Documentation/x86/intel_mpx.rst - third_party/kernel - Git at Google

 .. SPDX-License-Identifier: GPL-2.0

 ===========================================
 Intel(R) Memory Protection Extensions (MPX)
 ===========================================

 Intel(R) MPX Overview
 =====================

 Intel(R) Memory Protection Extensions (Intel(R) MPX) is a new capability
 introduced into Intel Architecture. Intel MPX provides hardware features
 that can be used in conjunction with compiler changes to check memory
 references, for those references whose compile-time normal intentions are
 usurped at runtime due to buffer overflow or underflow.

 You can tell if your CPU supports MPX by looking in /proc/cpuinfo::

 	cat /proc/cpuinfo  | grep ' mpx '

 For more information, please refer to Intel(R) Architecture Instruction
 Set Extensions Programming Reference, Chapter 9: Intel(R) Memory Protection
 Extensions.

 Note: As of December 2014, no hardware with MPX is available but it is
 possible to use SDE (Intel(R) Software Development Emulator) instead, which
 can be downloaded from
 http://software.intel.com/en-us/articles/intel-software-development-emulator


 How to get the advantage of MPX
 ===============================

 For MPX to work, changes are required in the kernel, binutils and compiler.
 No source changes are required for applications, just a recompile.

 There are a lot of moving parts of this to all work right. The following
 is how we expect the compiler, application and kernel to work together.

 1) Application developer compiles with -fmpx. The compiler will add the
    instrumentation as well as some setup code called early after the app
    starts.
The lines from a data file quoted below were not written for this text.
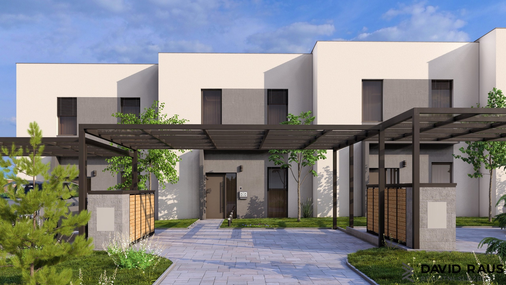 Nabízím k prodeji rodinný dům (č.3) o dispozici 5+kk, se zastřešeným parkovacím stáním na vlastním pozemku (288 m²), ve městě Rajhrad.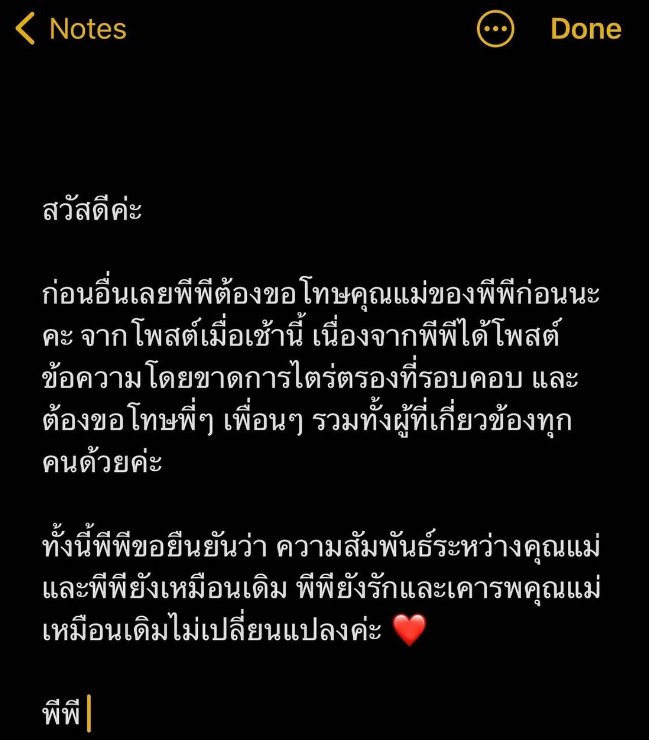 "ตอนที่โพสต์ไปต้องขอโทษทุกคนก่อน (ยกมือไหว้) ที่อาจจะทำให้เข้าใจผิดกับคำพูดหรือการสื่อสาร จะบอกว่าช่วงก่อนหน้านี้สักพักหนึ่ง พีพียังไม่มีผู้จัดการเข้ามาดูแล จะเป็นคุณแม่ที่ดูแลเรื่องงาน พอมันมีปัญหาบางอย่างที่ไม่เข้าใจแล้ว ไม่อยากให้คุณแม่ต้องมาเหนื่อยแล้ว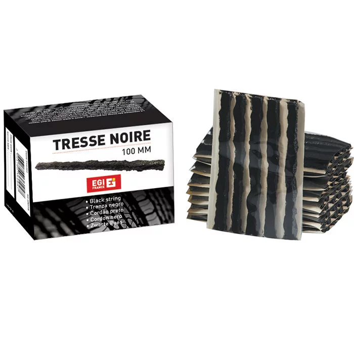 Tresse permettant d’obturer rapidement, par l’exterieur, les petites perforation (3 min maxi) sur le sommet des pneus sans chambre à carcasse radiale métallique ou à carcasse diagonale. Les tresses sont constituées d’un cordon torsadé imprégné de butyl non autovulcanisant. Quantité : 50 pièces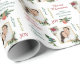 Aqui está um elegante papel de embrulho de Holiday que apresenta duas de suas próprias fotografias enquadradas com bonito buquês de poinsettia vermelha. Junto com as flores vermelhas estão os pinheiros e os pinheiros cones. O texto "LOVE PEACE JOY" está verde, dourado e vermelho, juntamente com vários campos de texto para você personalizar. Tudo é colocado sobre um fundo branco nítido. Você pode usar duas fotografias diferentes ou, como neste exemplo, repetir a fotografia 1. É melhor usar um quadrado da sua foto.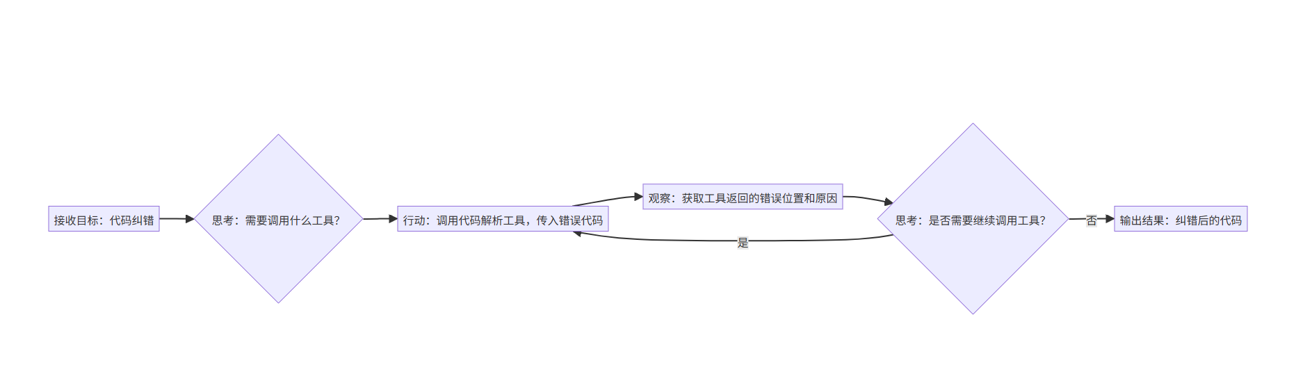 核心逻辑:针对"目标明确、无需复杂规划"的任务(如实时代码纠错、单文件解析),采用"思考→行动→观察→再思考"的短循环,快速响应反馈。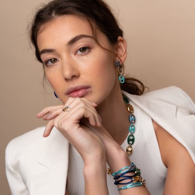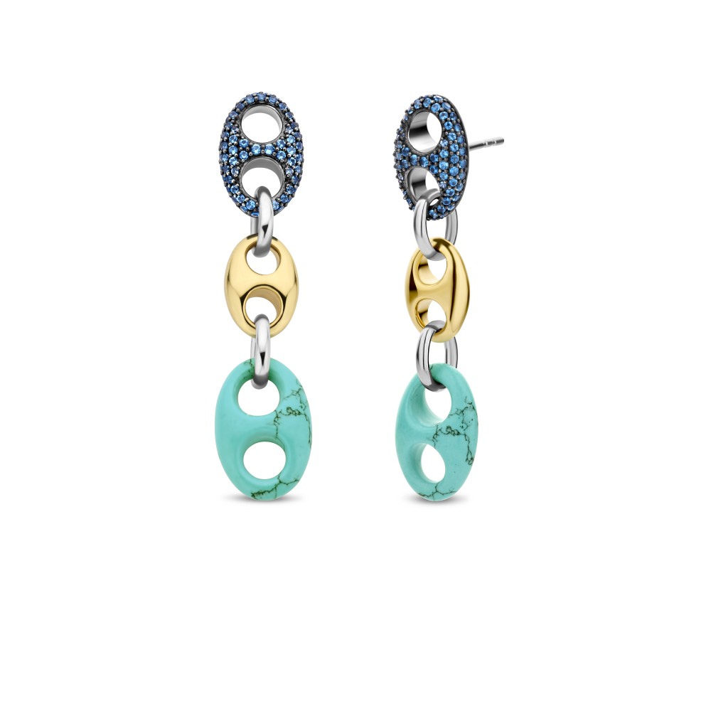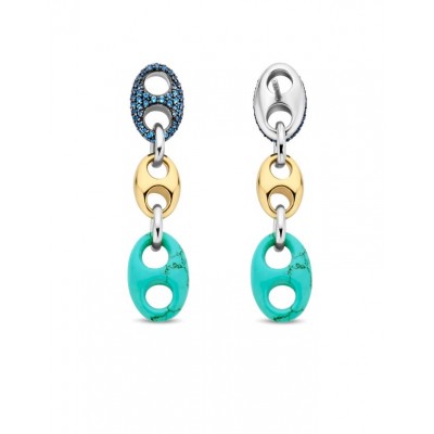 Pozłacane srebrne kolczyki drop 7881TQ przedstawiają strumień trzech żetonów ziaren kawy w kolorze turkusowym, pozłacanym i lapis blue pavé. Te klasyczne kształty ziaren kawy zostały przeprojektowane z odrobiną figlarnej kanciastości. Kolczyki wykonane ze srebra próby 925.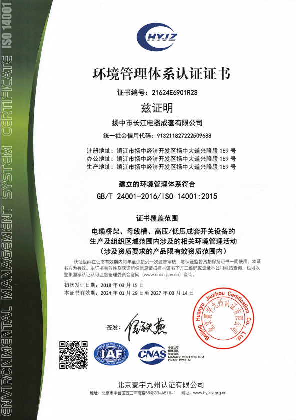 環境管理體系認證證書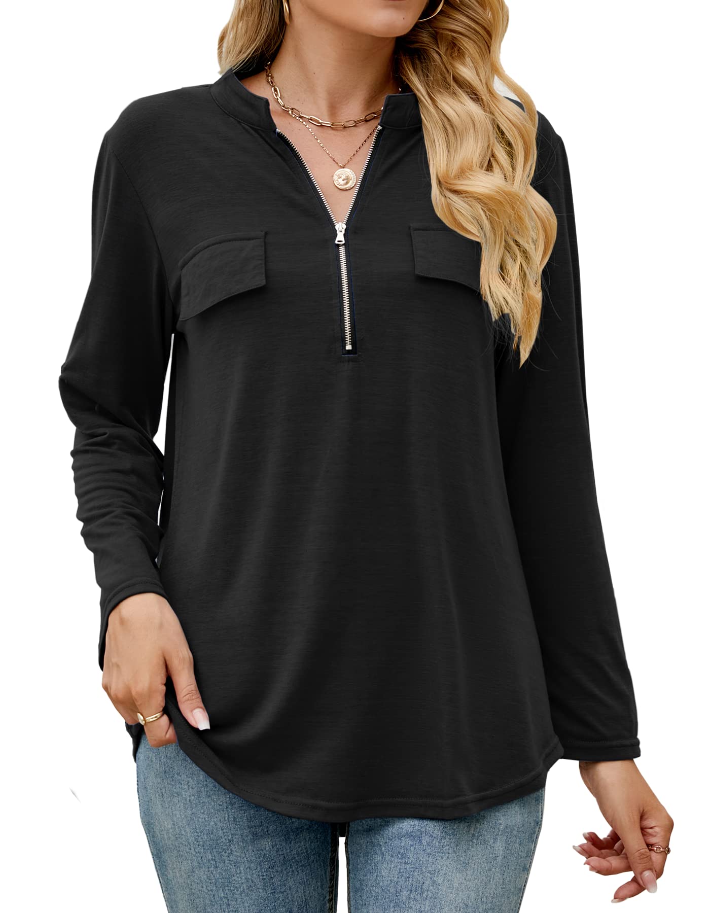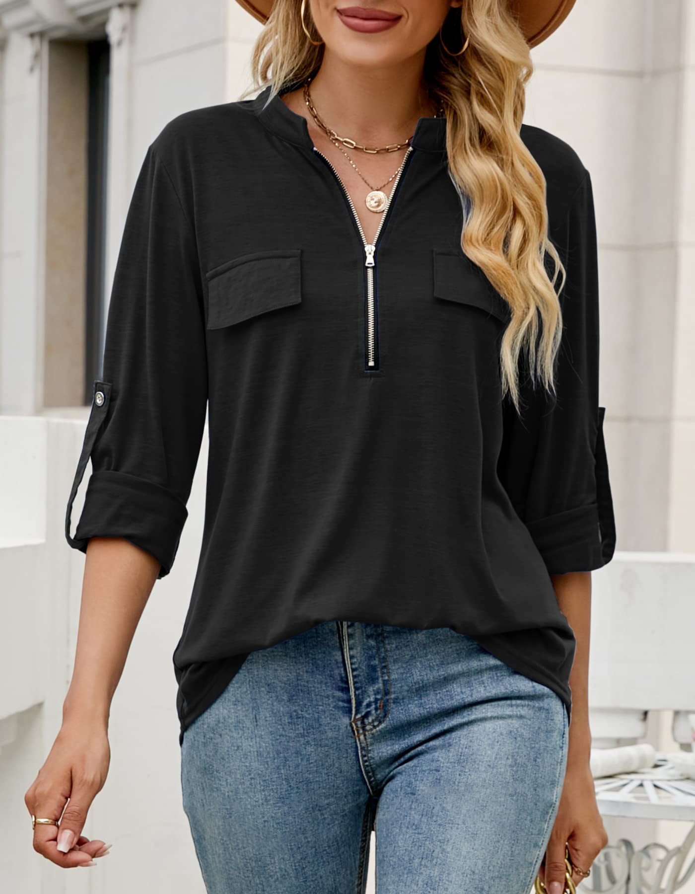 • Eigenschaften: V-Ausschnitt, Lange Ärmel, 3/4 Ärmel Hemd und Blusen, Reißverschluss. Klassischer A-line, einfache schwarz schlichte Damenhemden.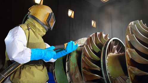 During so-called "sweeping", the workpiece is roughened under low pressure (2 to 3 bar) with a sharp-edged abrasive. This improves the adhesion of the powder to the surface. Any residue from chemical paint stripping is also removed in this step. To prevent contact corrosion, it is important to use a separate blasting booth for each substrate and to avoid the use of blasting granulates.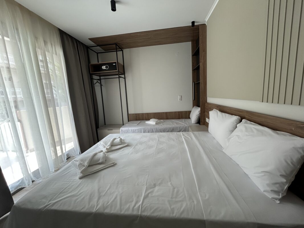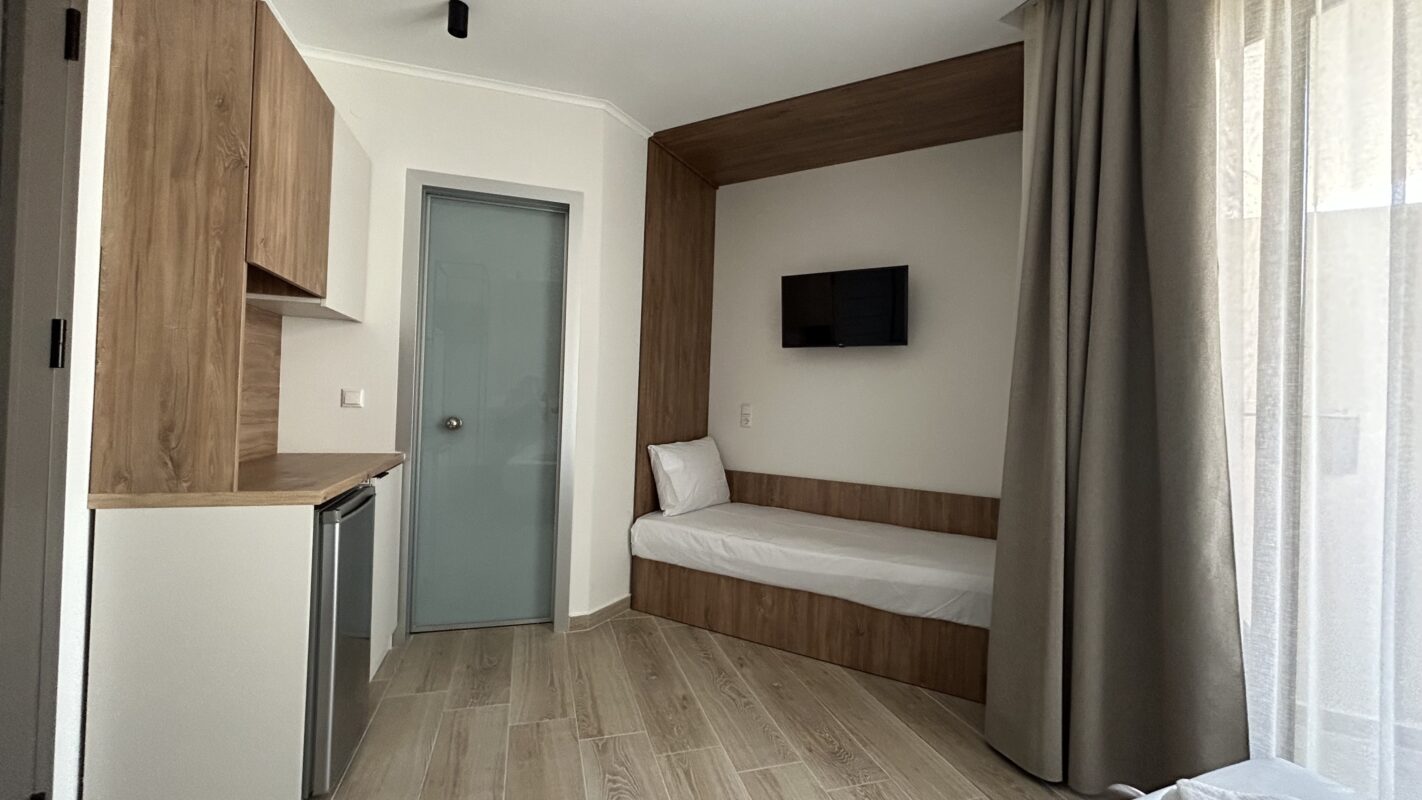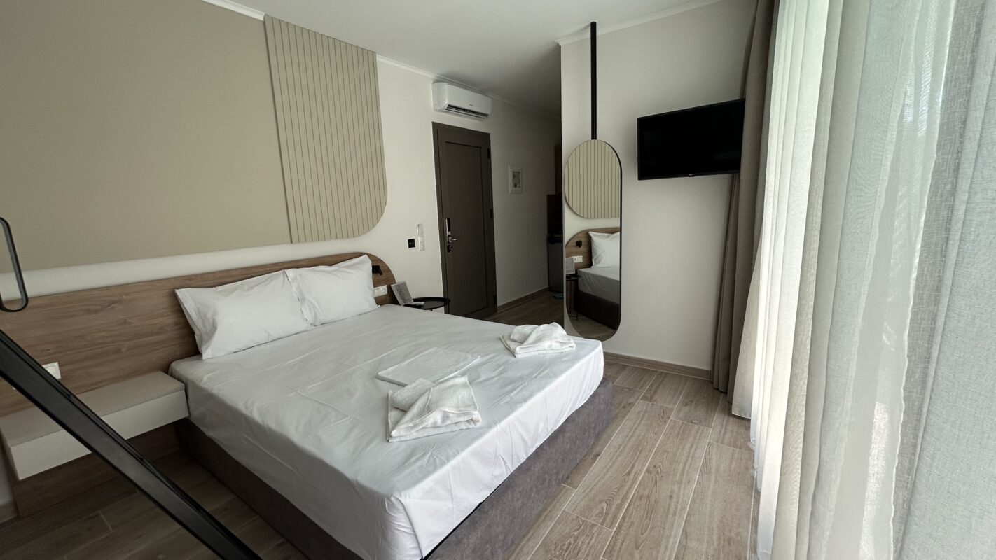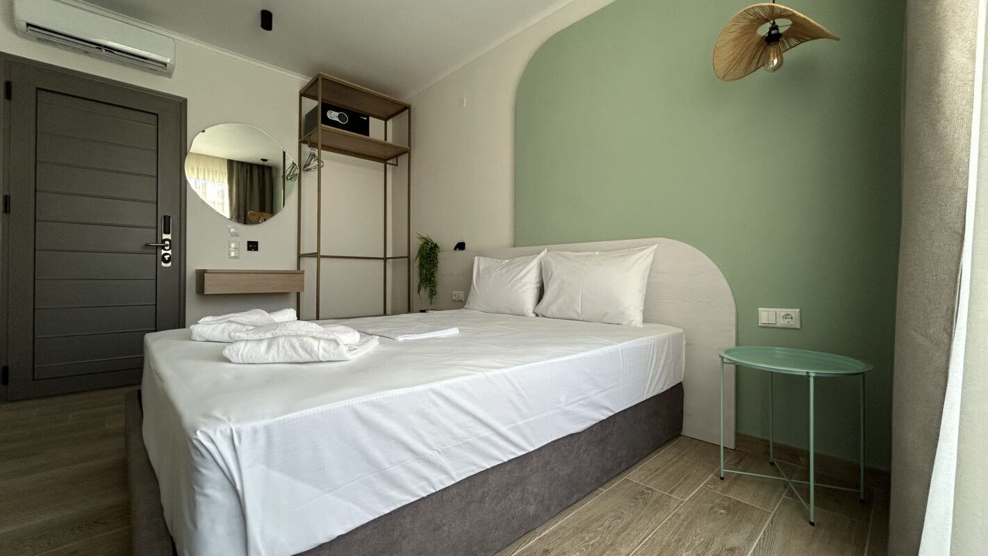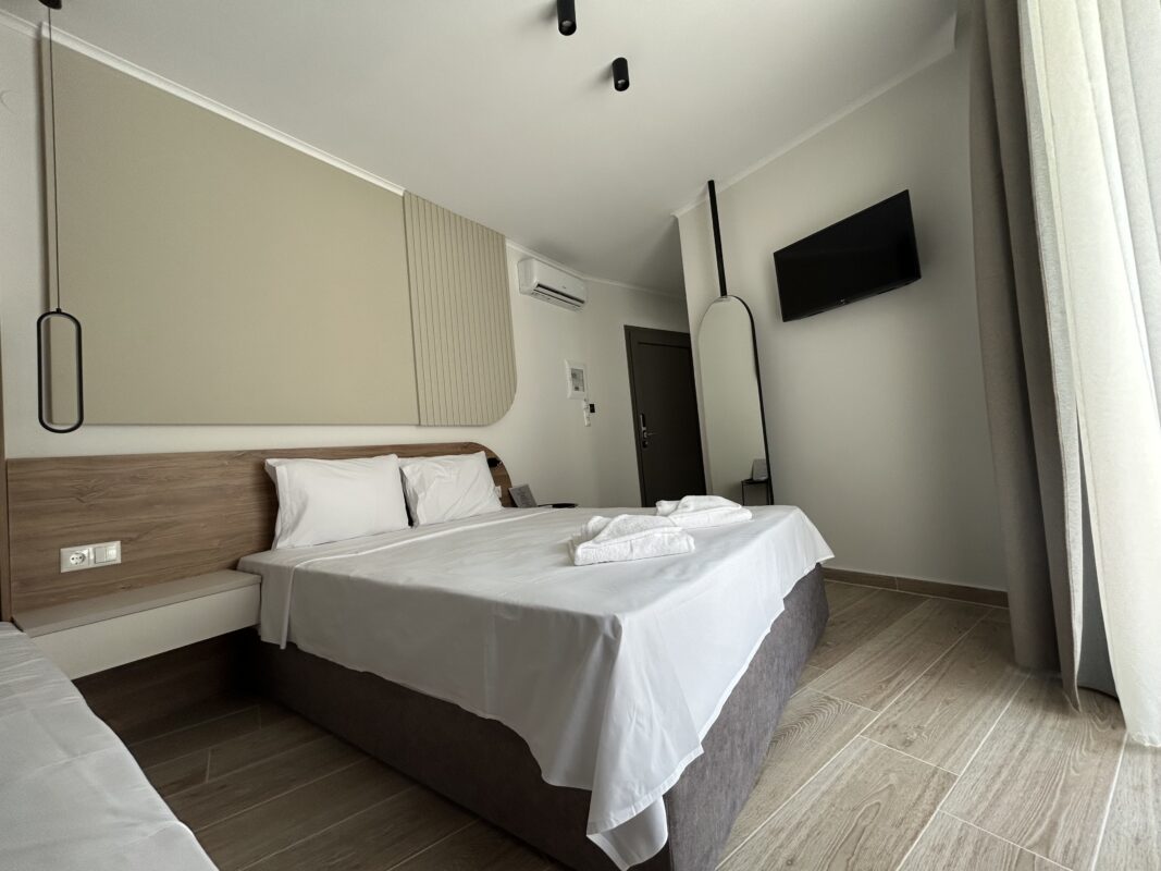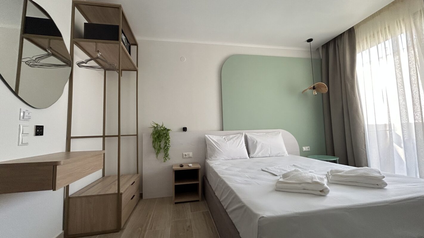 Camerele noastre moderne, recent construite, pot găzdui între două și patru persoane. Sunt potrivite atât pentru cupluri, cât și pentru familii sau grupuri mici care caută cazare convenabilă în Limenaria. Fiecare cameră este dotată cu aer condiționat, Wi-Fi gratuit și balcon privat. Balconul oferă vedere spre piscină sau spre drumul principal.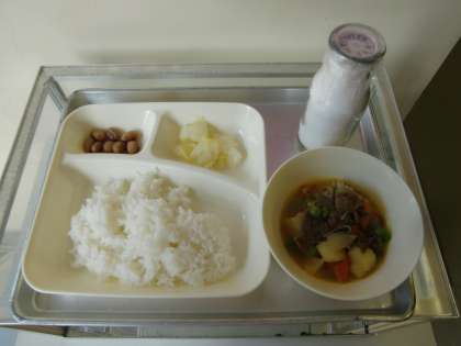 肉じゃが・はくさいの甘酢づけ・とら豆の煮もの・ご飯・牛乳です。

New instruction prefixes are noops for old CPUs.
 2) That setup code allocates (virtual) space for the "bounds directory",
    points the "bndcfgu" register to the directory (must also set the valid
    bit) and notifies the kernel (via the new prctl(PR_MPX_ENABLE_MANAGEMENT))
    that the app will be using MPX.  The app must be careful not to access
    the bounds tables between the time when it populates "bndcfgu" and
    when it calls the prctl().  This might be hard to guarantee if the app
    is compiled with MPX.  You can add "__attribute__((bnd_legacy))" to
    the function to disable MPX instrumentation to help guarantee this.
    Also be careful not to call out to any other code which might be
    MPX-instrumented.
 3) The kernel detects that the CPU has MPX, allows the new prctl() to
    succeed, and notes the location of the bounds directory. Userspace is
    expected to keep the bounds directory at that location. We note it
    instead of reading it each time because the 'xsave' operation needed
    to access the bounds directory register is an expensive operation.
 4) If the application needs to spill bounds out of the 4 registers, it
    issues a bndstx instruction. Since the bounds directory is empty at
    this point, a bounds fault (#BR) is raised, the kernel allocates a
    bounds table (in the user address space) and makes the relevant entry
    in the bounds directory point to the new table.
 5) If the application violates the bounds specified in the bounds registers,
    a separate kind of #BR is raised which will deliver a signal with
    information about the violation in the 'struct siginfo'.
 6) Whenever memory is freed, we know that it can no longer contain valid
    pointers, and we attempt to free the associated space in the bounds
    tables. If an entire table becomes unused, we will attempt to free
    the table and remove the entry in the directory.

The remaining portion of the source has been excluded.